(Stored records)
☆ ☆ ☆

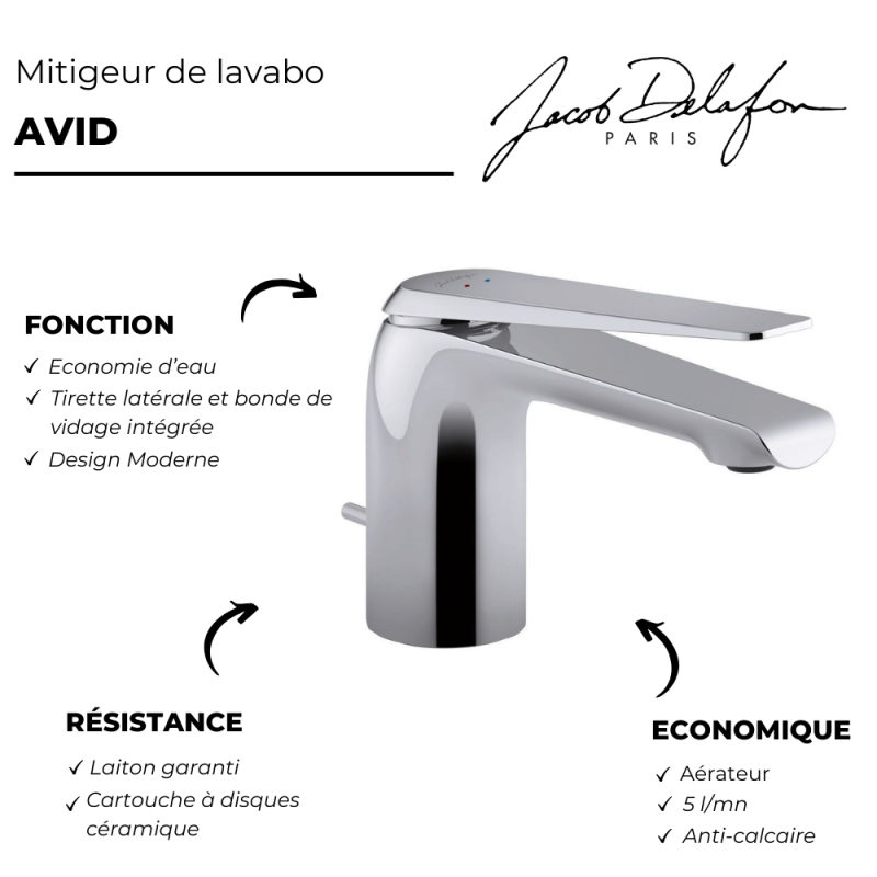 Avantages du lot de 2 mitigeur lavabo Jacob Delafon Avid :
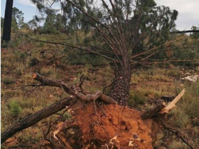 Pinos y almendros arrancados tras una fuerte tormenta en Mira
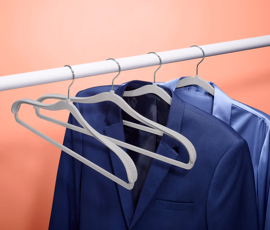 Die Bügel haben eine Querstrebe für eine Hose oder einen Rock und die rutschhemmende Beflockung schützt den Stoff, während sie für einen sicheren Sitz sorgt. Die Haken haben ein Drehgelenk aus verchromtem Metall und die Bügel selbst sind der Nachhaltigkeit zuliebe mit recyceltem Kunststoff gearbeitet.
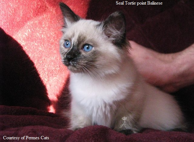Tortie points are an acquired taste to some, but they have much increased in popularity as the “other” type of point available to the Siamese/Balinese pointed colors. I have seen very beautiful Tortie point Balinese cats and they are rarity to see.
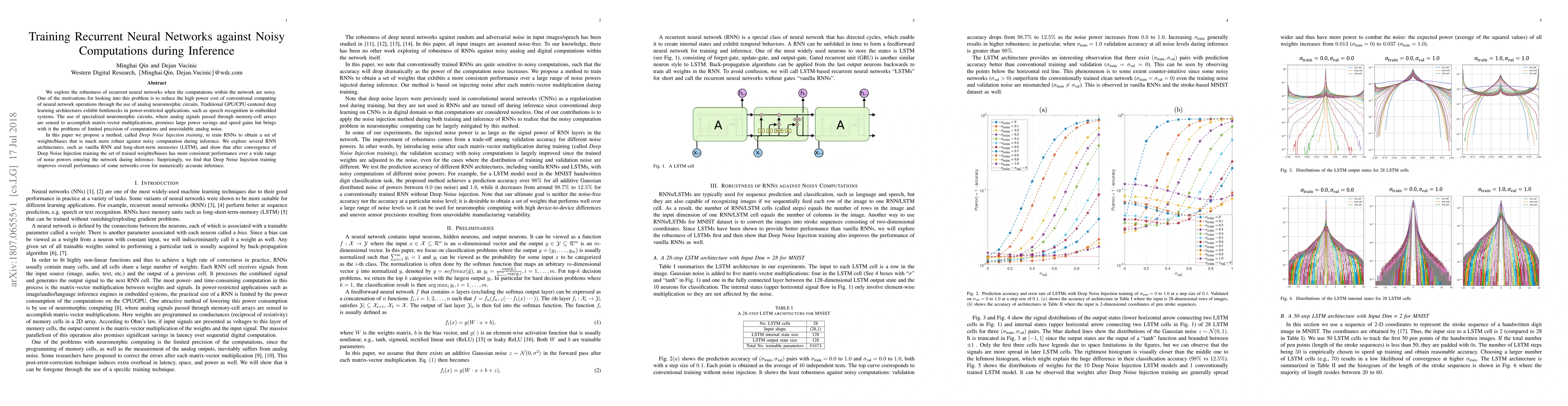 The authors propose a method called Deep Noise Injection training to train RNNs to obtain robust weights/biases against noisy computation during inference.
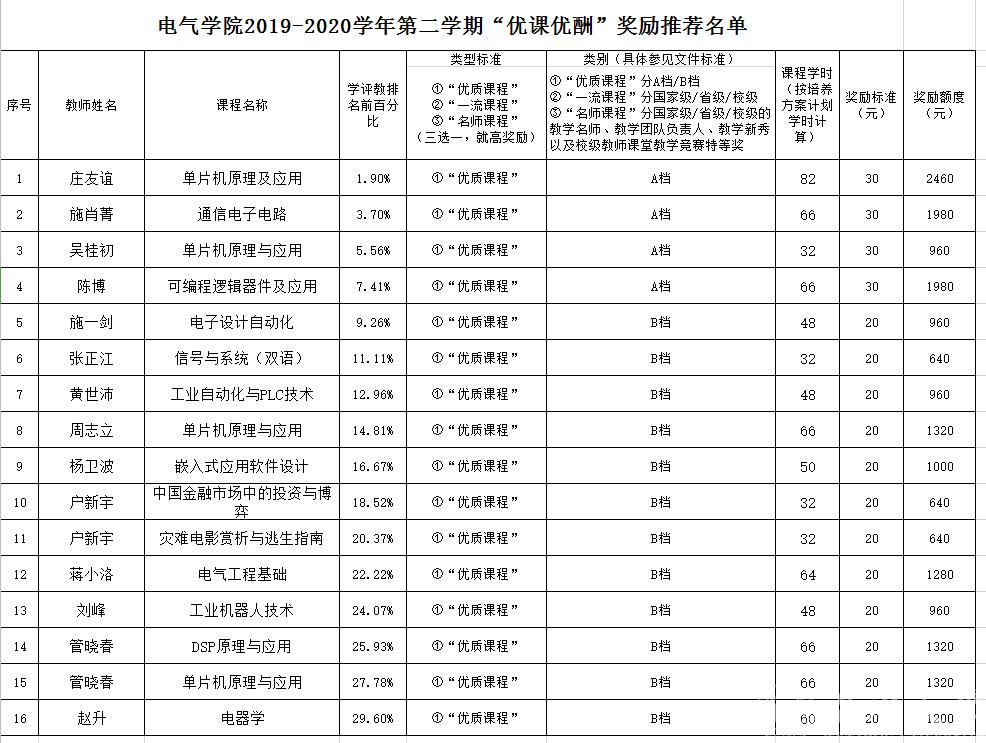 各位老师:根据《黑料网 “优课优酬”奖励实施办法》温大行政发〔2020〕60号文件通知,遴选出黑料网 2019-2020学年第一学期优课优酬推荐名单,请各位老师查看,如有问题,请于明天(周五)上午11点30前联系教学科孙双。
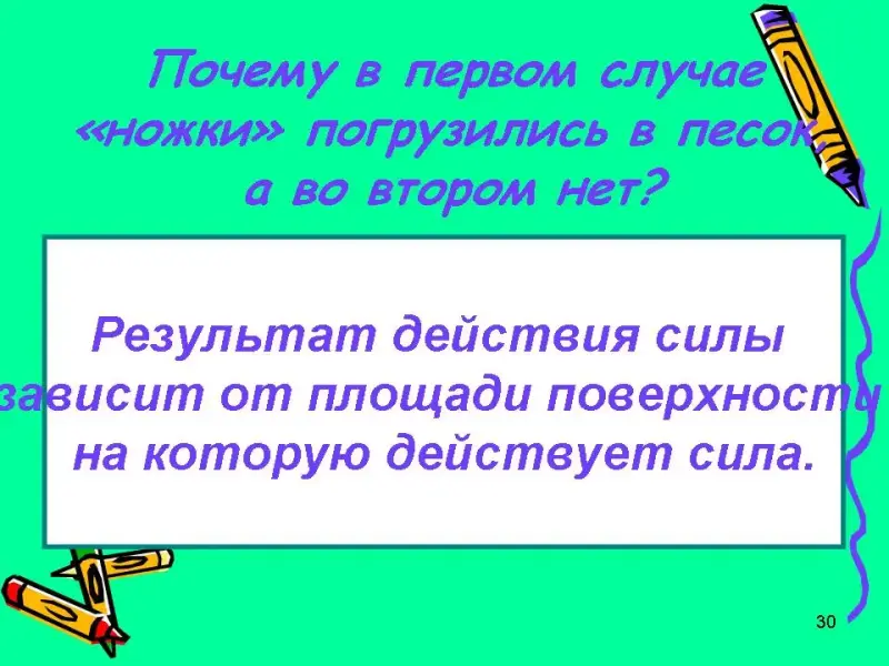Отчего зависит давление? Слайд № 29 Ответы ребят.
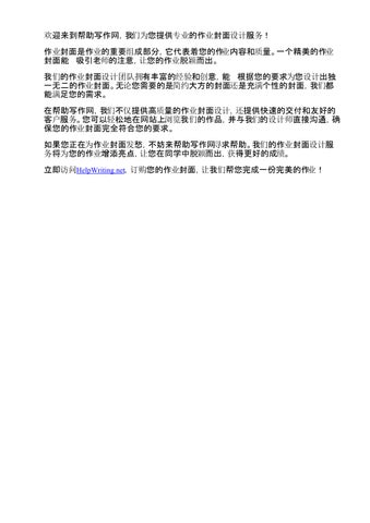 在帮助写作网,我们不仅提供高质量的作业封面设计,还提供快速的交付和友好的 客户服务。您可以轻松地在网站上浏览我们的作品,并与我们的设计师直接沟通,确 保您的作业封面完全符合您的要求。
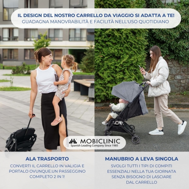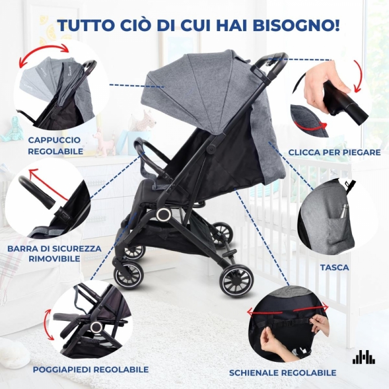 CONFORTEVOLE E FUNZIONALE: Il suo semplice funzionamento a leva singola e i materiali leggeri lo rendono un'opzione davvero comoda per genitori e bambini, poiché le sue quattro ruote ammortizzate offrono un movimento fluido.
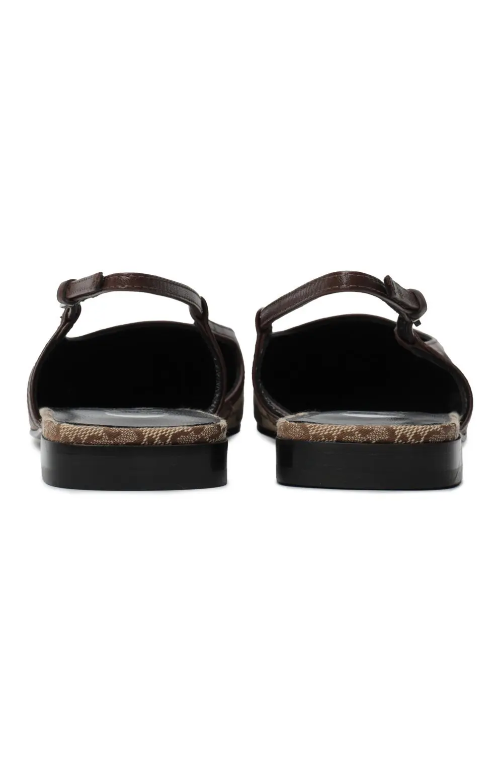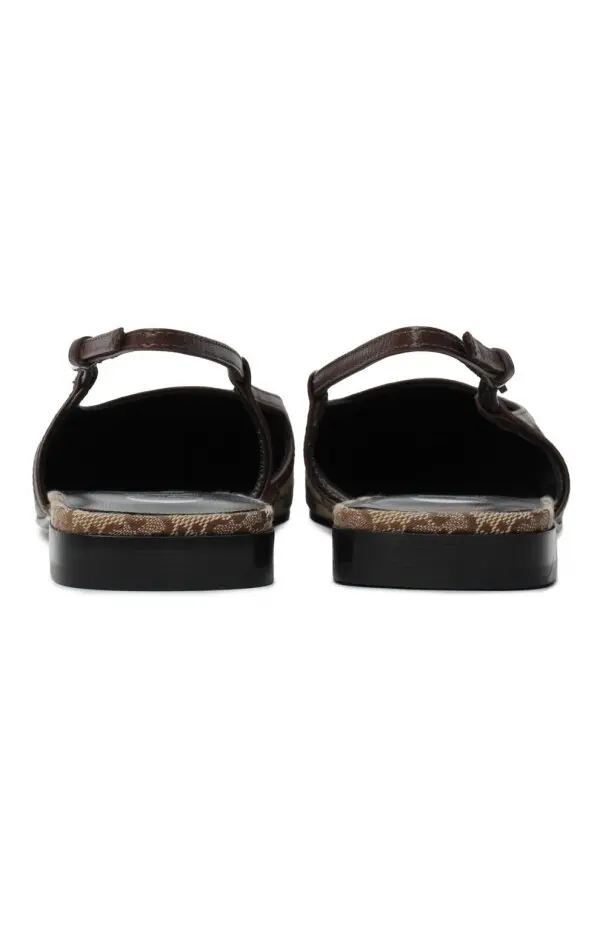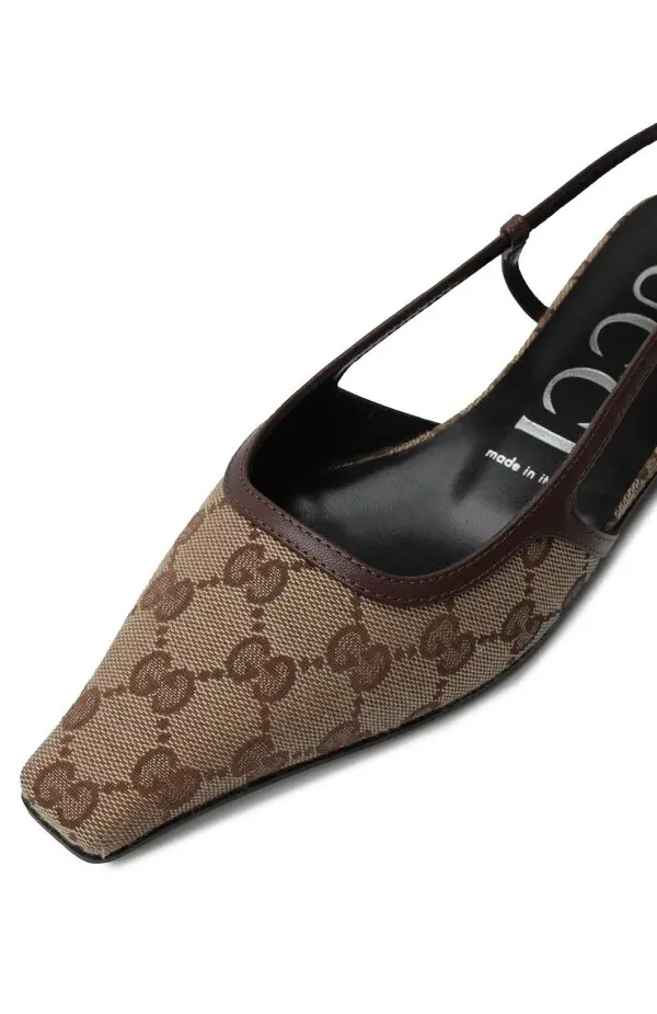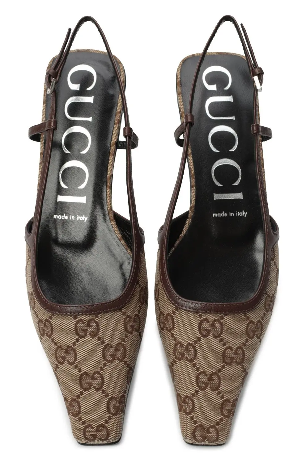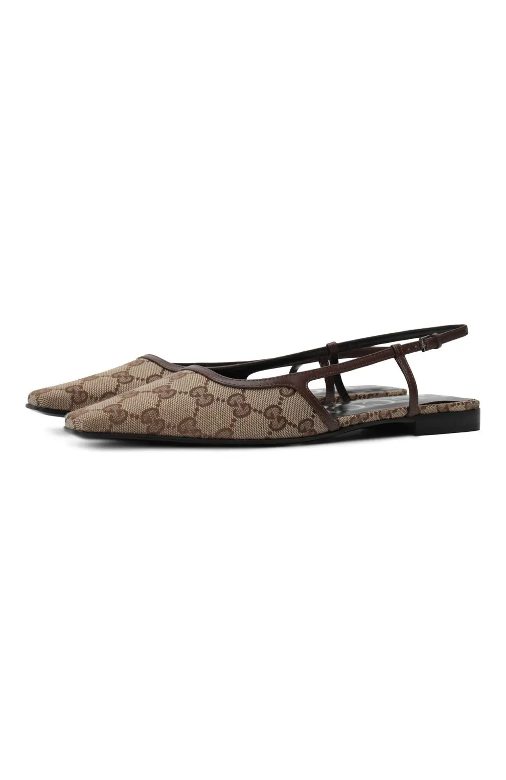 Туфли Gucci GG на низком ходу, выполненные в фирменном бежево-коричневом канвасе с культовым монограммным узором. Модель с заострённым мыском и открытой пяткой на тонком ремешке, что придаёт обуви лёгкость и утончённость.
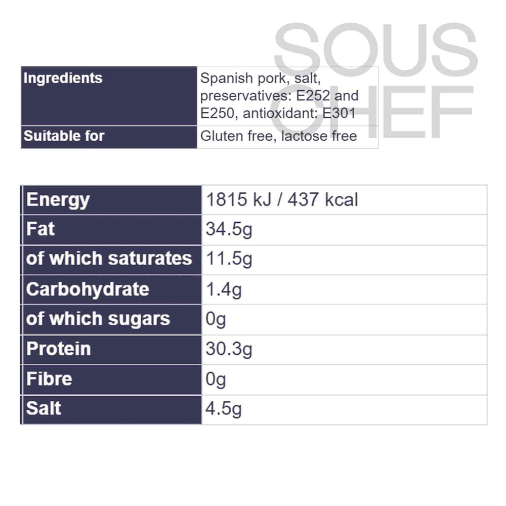 Product formulations and details may change. For the latest ingredients and allergen information always check product packaging prior to consumption. Ingredients: Spanish pork, salt, preservatives: e252 and e250, antioxidant: e301
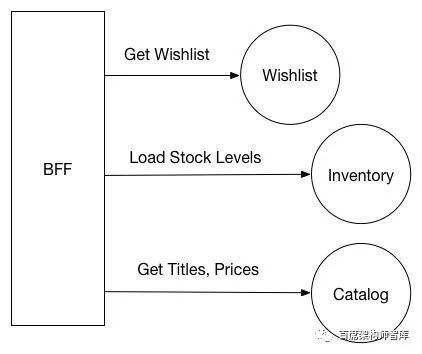 对于有少量后端服务的体系结构,BFFs可能是一种有用的模式。然而,对于使用大量服务的组织来说,它们是必不可少的,因为聚合多个下游调用以提供用户功能的需求急剧增加。在这种情况下,一个对BFF的调用通常会导致多个对微服务的下游调用。例如,设想一个电子商务公司的应用程序。我们要在用户的愿望列表中提取一个项目列表,显示库存水平和价格:

☆ ☆ ☆

Brief
An exact copy of the lines from the one with "Туфли Gucci GG" through the end of the records: produce that and nothing more, leaving out the pictures.

Exercise answer
 Туфли Gucci GG на низком ходу, выполненные в фирменном бежево-коричневом канвасе с культовым монограммным узором. Модель с заострённым мыском и открытой пяткой на тонком ремешке, что придаёт обуви лёгкость и утончённость.
 Product formulations and details may change. For the latest ingredients and allergen information always check product packaging prior to consumption. Ingredients: Spanish pork, salt, preservatives: e252 and e250, antioxidant: e301
 对于有少量后端服务的体系结构,BFFs可能是一种有用的模式。然而,对于使用大量服务的组织来说,它们是必不可少的,因为聚合多个下游调用以提供用户功能的需求急剧增加。在这种情况下,一个对BFF的调用通常会导致多个对微服务的下游调用。例如,设想一个电子商务公司的应用程序。我们要在用户的愿望列表中提取一个项目列表,显示库存水平和价格:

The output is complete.